Deployment of 3000 ITBP personnel: India ramps up security infrastructure along LAC after Galwan clashes

Sources in the Union Home Ministry said that a large scale movement of ITBP personnel deployed in law and order duties across the country are likely to be moved to various points along the LAC.
An Indian army convoy moves on the Srinagar- Ladakh highway at Gagangeer, northeast of Srinagar, India, Wednesday, June 17, 2020. (Photo | AP)
An Indian army convoy moves on the Srinagar- Ladakh highway at Gagangeer, northeast of Srinagar, India, Wednesday, June 17, 2020. (Photo | AP)

NEW DELHI: A massive shot in the arm for the army deployed at the Line of Actual Control (LAC) is likely to come in the form of at least 3000 personnel of the mountain trained paramilitary force, the Indo Tibetan Border Police.

Sources in the Union Home Ministry said that ITBP personnel deployed in law and order duties across the country are likely to be moved to various points along the LAC in the Ladakh and Jammu and Kashmir region within a few days.

Highly placed sources in the government said 15 companies of the paramilitary force, who were engaged in law and order duties, have already been moved from the union territory of Jammu and Kashmir to Ladakh.

"An additional 30 companies are likely to be sent to the LAC over the next few days," a source said. One company usually comprises 100-120 personnel.

Around 7000 troops of ITBP remain deployed along the LAC in Jammu and Kashmir and Ladakh region at any given time.

Massive deployment of armed forces is underway at various points along the LAC, including at Galwan Valley of Ladakh, where 20 Indian soldiers were clubbed to death by Chinese People's Liberation Army (PLA) troops on the intervening night of June 15/16.

The deployment of significant forces of ITBP will come as a force multiplier for the army because the paramilitary force needs no introduction to hostile terrain of Ladakh.
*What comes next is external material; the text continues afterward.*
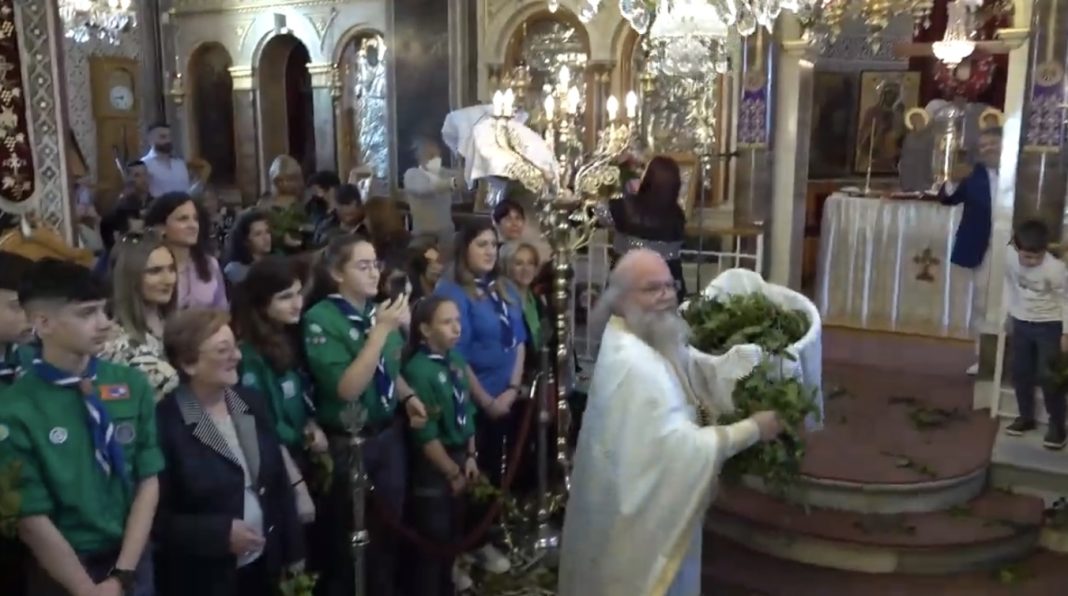 Με κάθε λαμπρότητα έγινε νωρίτερα στην Χίο η Πρώτη Ανάσταση. Για ακόμη μια χρονιά τις εντυπώσεις «έκλεψε» ο ιερέας Χριστόφορος Γουρλής, του ιερού ναού της Παναγίας Ευαγγελίστριας ο οποίος τηρεί κάθε χρόνο το έθιμο και «ίπταται» θέλοντας να διαδώσει το χαρμόσυνο μήνυμα της νίκης της ζωής επί του θανάτου.

It already possesses a great deal of experience of these mountains.

ITBP troops are deployed at 190 border outposts (BoPs) along the LAC in Jammu & Kashmir, Himachal Pradesh, Sikkim, Arunachal Pradesh and Uttarakhand in difficult terrains amid harsh climatic conditions where at some places, temperature even dips down to minus 50 degree Celsius.

It is the ITBP that has served as the border force, the eyes-and-ears of the Indian security establishment, all along the 3488 km long LAC between India and China, a lot of region of which falls along high-altitude areas.

Some of these posts which are manned by ITBP soldiers are as high up as 18,900 feet, considered 'extremely high altitude' zone in defence parlance.

All personnel of the force, from the jawan to senior officers, receive a one year long high altitude training.

The paramilitary force also runs the 'Mountaineering and Skiing Institute' which imparts specialised training in mountaineering, skiing, survival at high altitudes, conducting rescue operations and in river rafting.

The same institute also conducts pre-Antarctica induction training for the Indian expedition in Snow/Ice Craft and survival techniques at high altitudes.

Sources also say that ITBP will be deployed keeping in mind the new "rules of engagement" or the SOP when it comes to handling weapons along the border that India shares with China. 

After PLA troops attacked and killed 20 Indian soldiers with spiked clubs, security officials say, that the 1996 joint agreement between the two countries, which forbade the use of service weapons along the border - "neither side shall open fire or conduct blast operations within 2 km of the Line of Actual Control" - is being reconsidered.